:: SUPPLIED ENTRIES

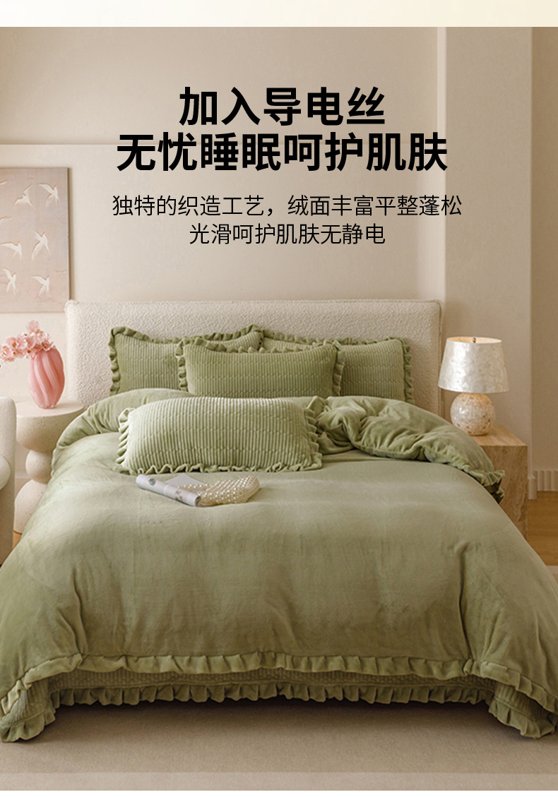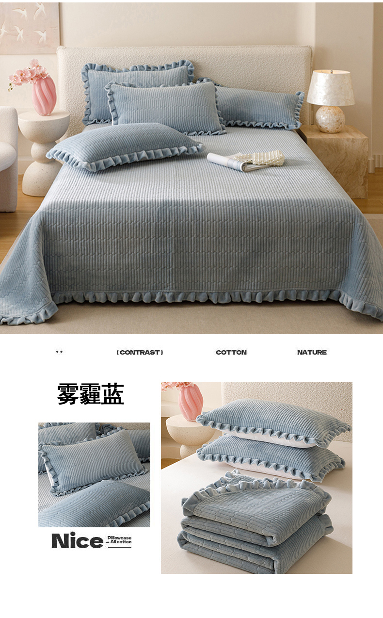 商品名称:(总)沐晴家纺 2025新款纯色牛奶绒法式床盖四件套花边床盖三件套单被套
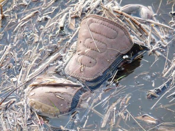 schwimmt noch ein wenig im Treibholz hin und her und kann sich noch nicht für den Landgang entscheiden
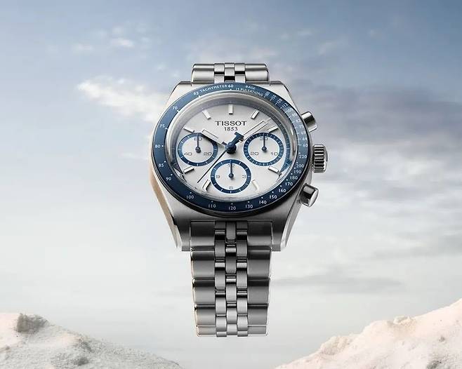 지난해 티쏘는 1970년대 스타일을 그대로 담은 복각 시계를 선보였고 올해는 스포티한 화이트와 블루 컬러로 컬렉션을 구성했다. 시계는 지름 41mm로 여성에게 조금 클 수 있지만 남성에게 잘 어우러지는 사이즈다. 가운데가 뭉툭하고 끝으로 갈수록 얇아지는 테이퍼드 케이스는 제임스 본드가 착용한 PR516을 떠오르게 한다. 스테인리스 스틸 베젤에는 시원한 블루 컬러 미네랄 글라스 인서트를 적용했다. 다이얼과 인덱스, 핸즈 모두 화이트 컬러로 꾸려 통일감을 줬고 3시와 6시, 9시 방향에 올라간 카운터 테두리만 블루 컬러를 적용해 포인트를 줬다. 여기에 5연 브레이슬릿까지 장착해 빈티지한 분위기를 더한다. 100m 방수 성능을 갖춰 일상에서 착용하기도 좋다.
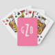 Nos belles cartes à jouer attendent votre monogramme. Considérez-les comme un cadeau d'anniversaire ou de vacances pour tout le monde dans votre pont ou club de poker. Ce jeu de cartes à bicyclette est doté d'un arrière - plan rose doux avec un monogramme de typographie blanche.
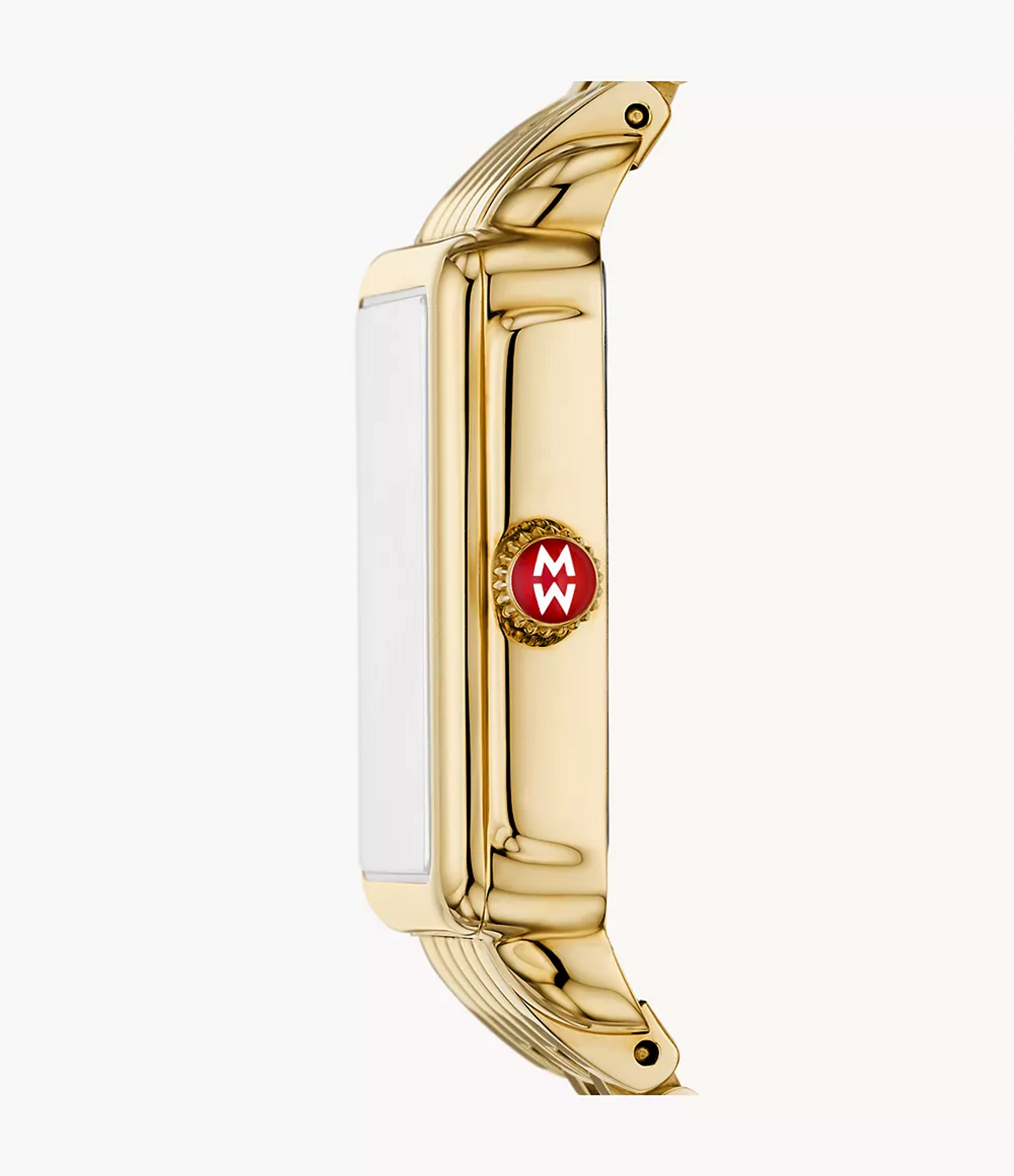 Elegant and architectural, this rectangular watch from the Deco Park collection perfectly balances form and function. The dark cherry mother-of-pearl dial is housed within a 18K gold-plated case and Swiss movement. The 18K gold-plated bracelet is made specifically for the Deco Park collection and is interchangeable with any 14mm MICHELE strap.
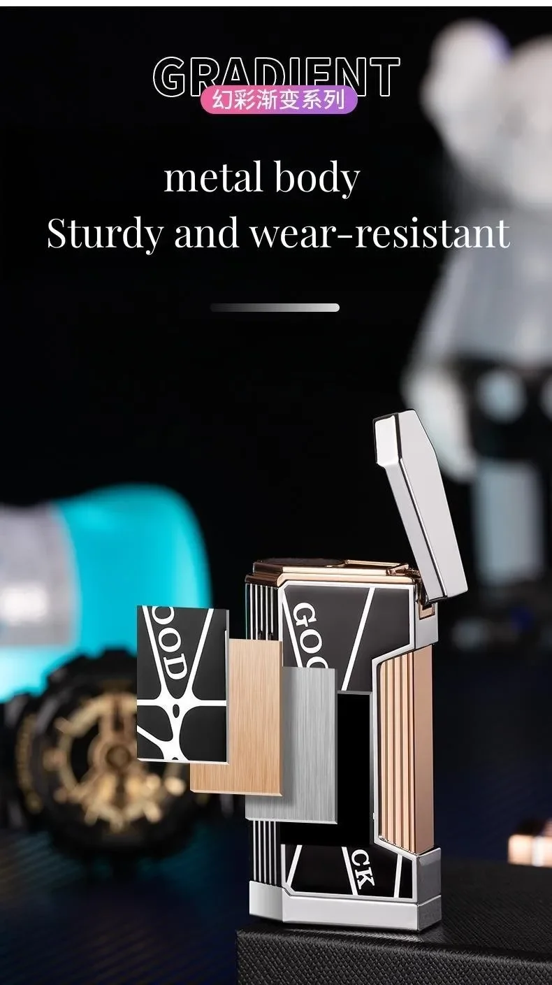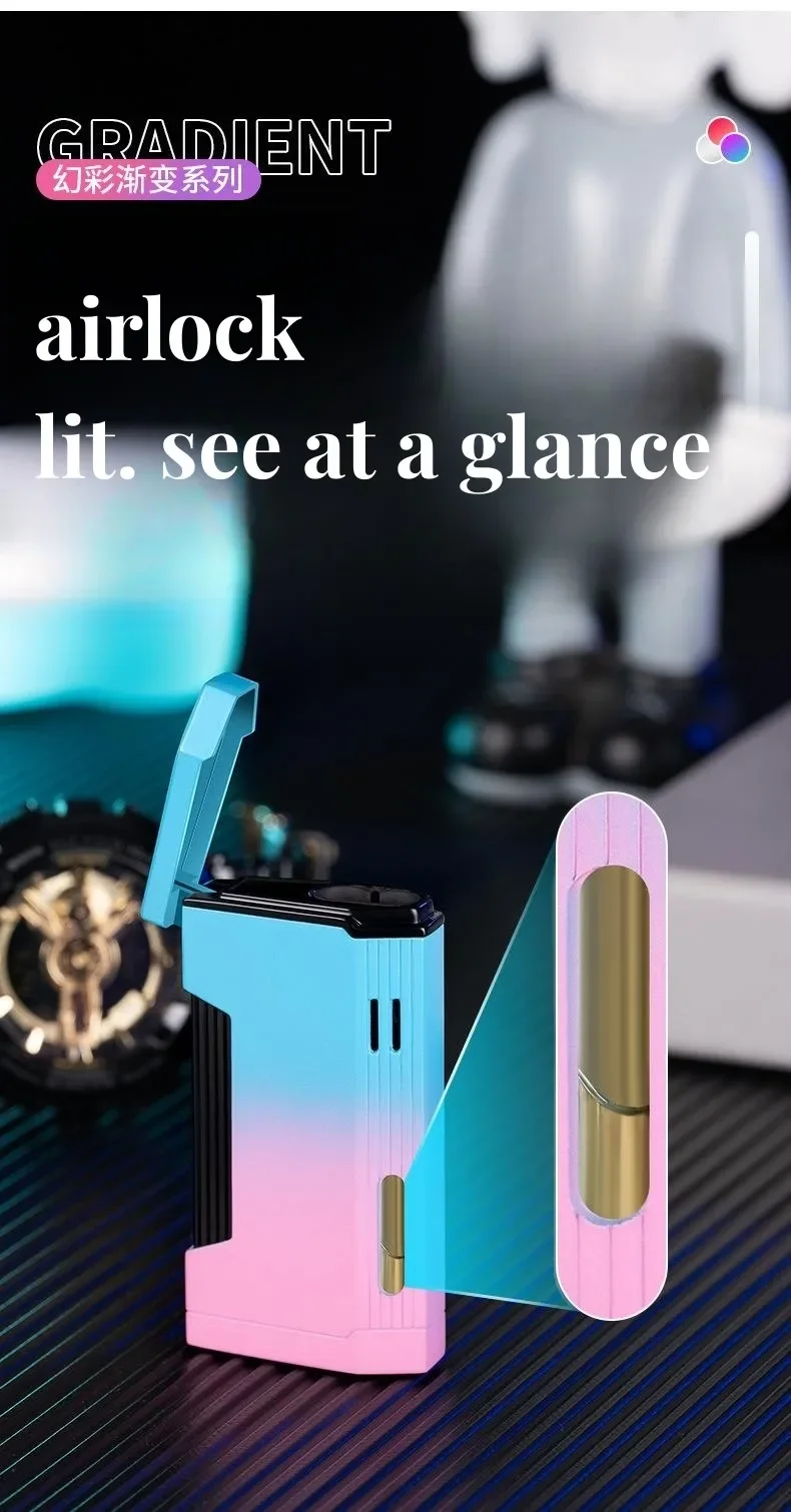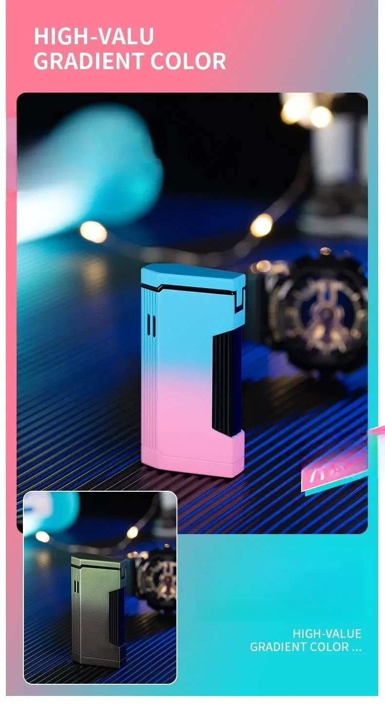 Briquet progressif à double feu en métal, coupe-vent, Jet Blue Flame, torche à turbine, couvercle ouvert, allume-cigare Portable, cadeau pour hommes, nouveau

::::

- WHAT THIS TASK INVOLVES -
Exactly and only the lines from the top of the records down to the line containing "Nos belles cartes" should be transcribed, please, without the pictures.

- RESULT FOR THIS EXERCISE -
 商品名称:(总)沐晴家纺 2025新款纯色牛奶绒法式床盖四件套花边床盖三件套单被套
 schwimmt noch ein wenig im Treibholz hin und her und kann sich noch nicht für den Landgang entscheiden
 지난해 티쏘는 1970년대 스타일을 그대로 담은 복각 시계를 선보였고 올해는 스포티한 화이트와 블루 컬러로 컬렉션을 구성했다. 시계는 지름 41mm로 여성에게 조금 클 수 있지만 남성에게 잘 어우러지는 사이즈다. 가운데가 뭉툭하고 끝으로 갈수록 얇아지는 테이퍼드 케이스는 제임스 본드가 착용한 PR516을 떠오르게 한다. 스테인리스 스틸 베젤에는 시원한 블루 컬러 미네랄 글라스 인서트를 적용했다. 다이얼과 인덱스, 핸즈 모두 화이트 컬러로 꾸려 통일감을 줬고 3시와 6시, 9시 방향에 올라간 카운터 테두리만 블루 컬러를 적용해 포인트를 줬다. 여기에 5연 브레이슬릿까지 장착해 빈티지한 분위기를 더한다. 100m 방수 성능을 갖춰 일상에서 착용하기도 좋다.
 Nos belles cartes à jouer attendent votre monogramme. Considérez-les comme un cadeau d'anniversaire ou de vacances pour tout le monde dans votre pont ou club de poker. Ce jeu de cartes à bicyclette est doté d'un arrière - plan rose doux avec un monogramme de typographie blanche.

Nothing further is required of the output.